The Grünenthal Group has acquired Thar Pharmaceuticals for an undisclosed price, in a deal that adds a late-stage drug candidate to the buyer’s portfolio of pain treatments.
The acquisition, disclosed yesterday, adds to Grünenthal’s pipeline worldwide development and commercialization rights to T121, Thar’s Phase III-ready lead candidate for management of pain associated with complex regional pain syndrome (CRPS).
T121 is a novel composition-of-matter patented oral zoledronic acid drug that has received the FDA’s orphan drug designation. The intravenous (IV) form of zoledronic acid, marketed by Novartis as Reclast®, is already approved for postmenopausal osteoporosis in women, increase of bone mass in male osteoporosis, glucocorticoid-induced osteoporosis, and Paget’s disease in men and women.

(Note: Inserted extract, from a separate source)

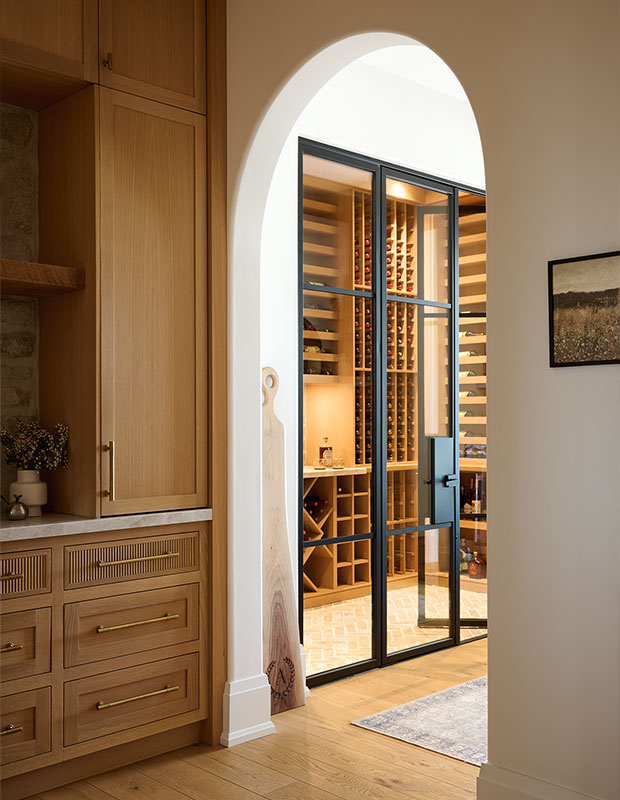 La cave à vin, réalisée par Rosehill Wine Cellars, est idéalement située juste à côté de la cuisine.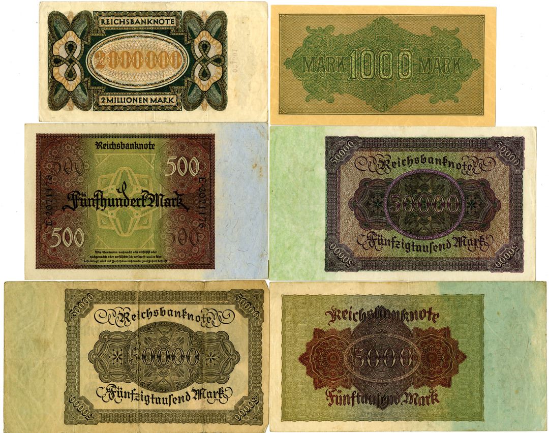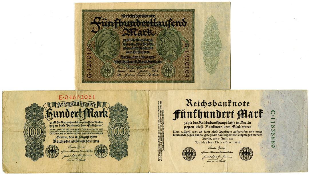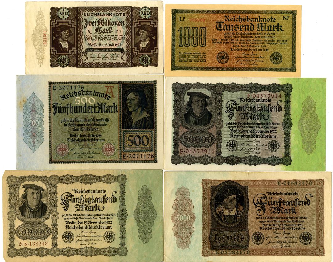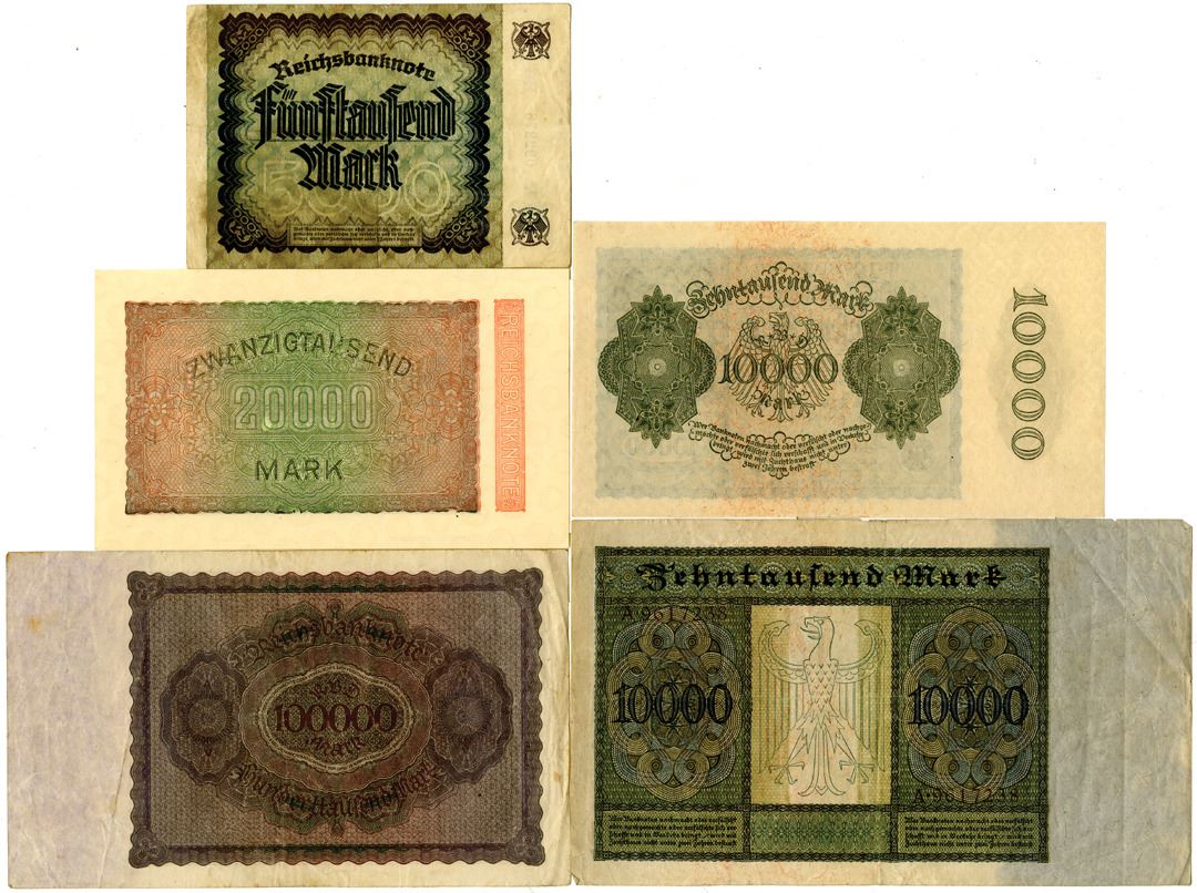 Germany….., Collection of notes highlights include Weimar Republic 500 Mark, 1922, P-73; 10,000 Mark, 1922, P-70; 10,000 Mark, 1922, P-72 and more. Condition ranged from VF-XF. Sold as is, no returns accepted. (14).

Grünenthal says T121 complements and broadens its CRPS portfolio, which includes the Phase III candidate IV neridronate.
“This acquisition fully supports our strategy to become a leading player in CRPS,” Grünenthal CEO Gabriel Baertschi said in a statement.
Grünenthal plans to conduct pivotal studies intended to show the efficacy and safety of T121 in CRPS. According to the company, preclinical and pilot clinical results have suggested that zoledronic acid could significantly reduce pain and other debilitating symptoms of CRPS, a debilitating condition for which no treatments have been approved by the FDA or European Medicines Agency.
The acquisition of Thar comes some 3 months after the Pittsburgh-based company filed for a $50 million initial public offering that was never carried out. In that IPO, Thar detailed its pivotal-stage plans for T121.
“We plan to conduct two double-blind, placebo-controlled, multisite Phase III clinical trials with approximately 150 patients each,” Thar stated in its S-1 filing, dated August 19. “We anticipate initiating the first pivotal clinical trial in the first quarter of 2017.”
Headquartered in Aachen, Germany, Grünenthal focuses on transforming IV-only drugs into oral drugs for existing and new indications using its proprietary technology EnhanceTM development platform.